Wydaje się, że istnieją dwa główne rodzaje funkcji testowych dla optymalizatorów bez pochodnych:
- jednowierszowe, takie jak funkcja Rosenbrock ff., z punktami początkowymi
- zestawy rzeczywistych punktów danych, z interpolatorem
Czy można porównać powiedzmy 10d Rosenbrock z prawdziwymi problemami z 10d?
Można to porównać na różne sposoby: opisać strukturę minimów lokalnych
lub uruchomić ABC optymalizatorów na Rosenbrock i kilka rzeczywistych problemów;
ale oba wydają się trudne.
(Może teoretycy i eksperymentatorzy to tylko dwie zupełnie różne kultury, więc proszę o chimerę?)
Zobacz też:
- Pytanie do scicomp.SE: gdzie można uzyskać dobre zestawy danych / problemy z testowaniem algorytmów / procedur testowych?

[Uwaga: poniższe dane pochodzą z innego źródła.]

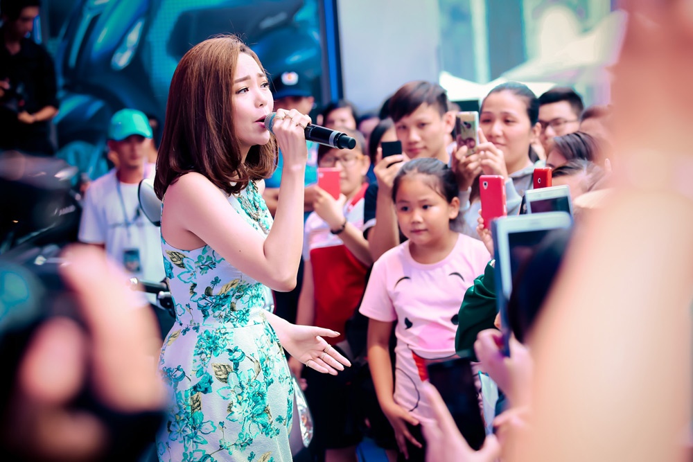 | Xuất hiện trong sự kiện, nữ diễn viên diện váy họa tiết hoa xanh trẻ trung, nữ tính. Rất nhiều fan đã có mặt để gặp gỡ và giao lưu cùng Minh Hằng. Cô cũng khá thoải mái khi được yêu cầu đội mũ bảo hiểm đi xe máy trước sự chứng kiến của fan. |
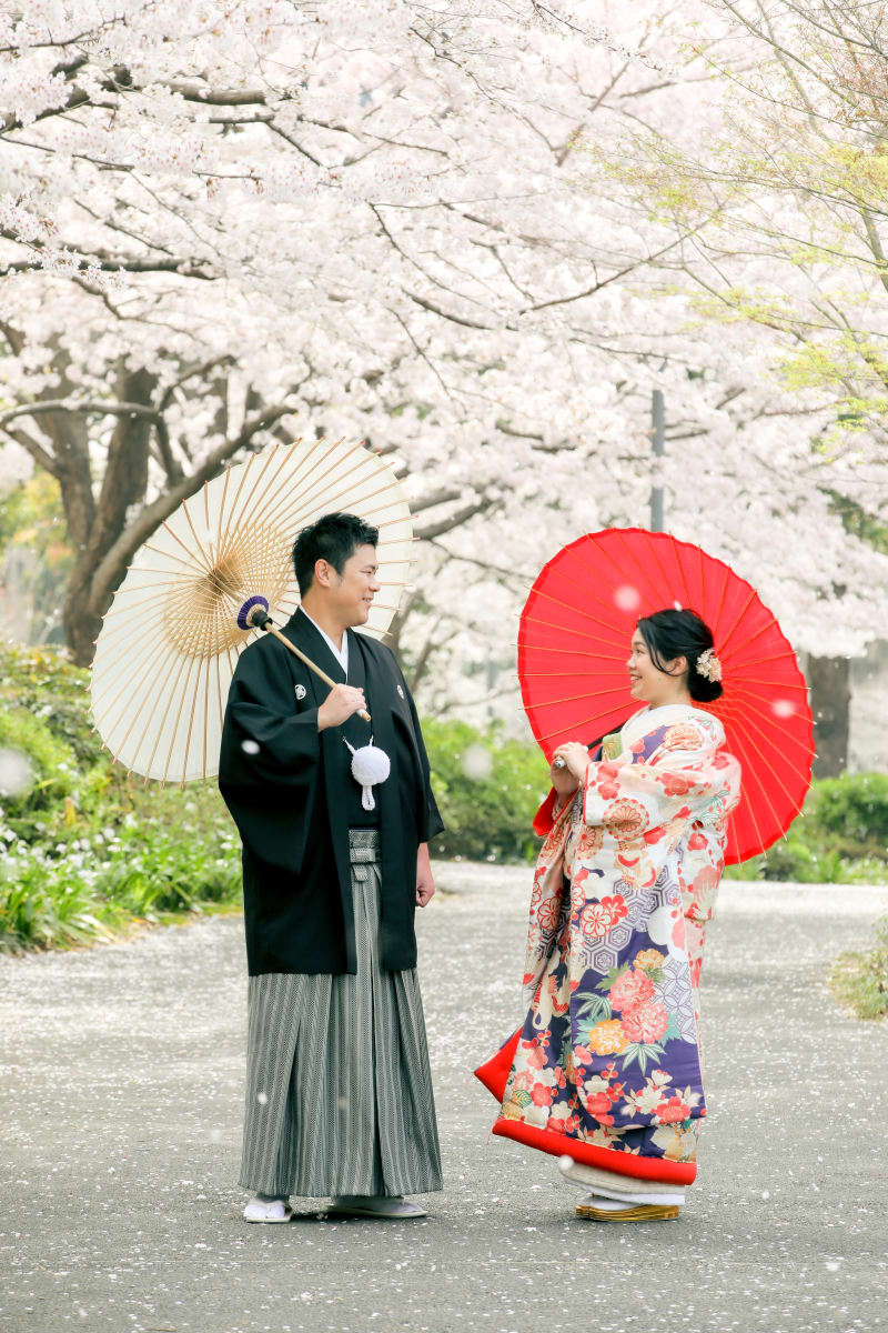 和装の撮影では必須の和傘は桜でもピッタリ合います◎

- Prostytutka: „Testowanie heurystyki: mamy to wszystko źle” jest zjadliwe: „nacisk na konkurencję ... mówi nam, które algorytmy są lepsze, ale nie dlaczego”.
(Dodano we wrześniu 2014):
Poniższy wykres porównuje 3 algorytmy DFO na 14 funkcjach testowych w 8d z 10 losowych punktów początkowych: BOBYQA PRAXIS SBPLX z NLOpt
14 N-wymiarowych funkcji testowych, Python pod gist.github z tego Matlaba autorstwa A. Hedar × 10 jednorodno-losowych punktów początkowych w obwiedni każdej funkcji.
Na przykład w Ackley górny wiersz pokazuje, że SBPLX jest najlepszy, a PRAXIS okropny; na Schwefel, prawy dolny panel pokazuje SBPLX znajdujący minimum w 5. losowym punkcie początkowym.
Ogólnie BOBYQA jest najlepszy na 1, PRAXIS na 5, a SBPLX (~ Nelder-Mead z ponownym uruchomieniem) na 7 z 13 funkcji testowych, z Powersum tossup. YMMV! W szczególności Johnson mówi: „Odradzałbym nieużywanie wartości funkcji (ftol) lub tolerancji parametrów (xtol) w optymalizacji globalnej”.
Wniosek: nie wkładaj wszystkich pieniędzy na jednego konia ani na jedną funkcję testową.
źródło
Zaletą syntetycznych przypadków testowych, takich jak funkcja Rosenbrock, jest to, że istnieje istniejąca literatura do porównania, a społeczność ma poczucie, jak dobre metody zachowują się na takich przypadkach. Gdyby wszyscy używali własnych testów, o wiele trudniej byłoby dojść do konsensusu, które metody działają, a które nie.
źródło
(Mam nadzieję, że nie mam nic przeciwko temu, aby zająć się końcem tej dyskusji. Jestem tu nowy, więc proszę daj mi znać, jeśli popełniłem naruszenie!)
Funkcje testowe dla algorytmów ewolucyjnych są teraz znacznie bardziej skomplikowane niż były nawet 2 lub 3 lata temu, co widać w zestawach używanych w konkursach na konferencjach takich jak (bardzo) Kongres na temat obliczeń ewolucyjnych 2015. Widzieć:
http://www.cec2015.org/
Te zestawy testów zawierają teraz funkcje z kilkoma nieliniowymi interakcjami między zmiennymi. Liczba zmiennych może wynosić nawet 1000, i przypuszczam, że może wzrosnąć w najbliższej przyszłości.
Kolejną bardzo niedawną innowacją jest „Konkurs optymalizacji czarnej skrzynki”. Zobacz: http://bbcomp.ini.rub.de/
Algorytm może zapytać o wartość f (x) dla punktu x, ale nie uzyskuje informacji o gradiencie, w szczególności nie może przyjmować żadnych założeń dotyczących formy analitycznej funkcji celu.
W pewnym sensie może to być bliższe temu, co określiłeś jako „prawdziwy problem”, ale w zorganizowanym, obiektywnym otoczeniu.
źródło
Możesz mieć to, co najlepsze z obu światów. NIST ma szereg problemów związanych z minimalizatorami, takich jak dopasowanie do wielomianu 10-go stopnia , z oczekiwanymi wynikami i niepewnościami. Oczywiście udowodnienie, że wartości te są najlepszym rozwiązaniem, lub istnienie i właściwości innych minimów lokalnych jest trudniejsze niż na kontrolowanym wyrażeniu matematycznym.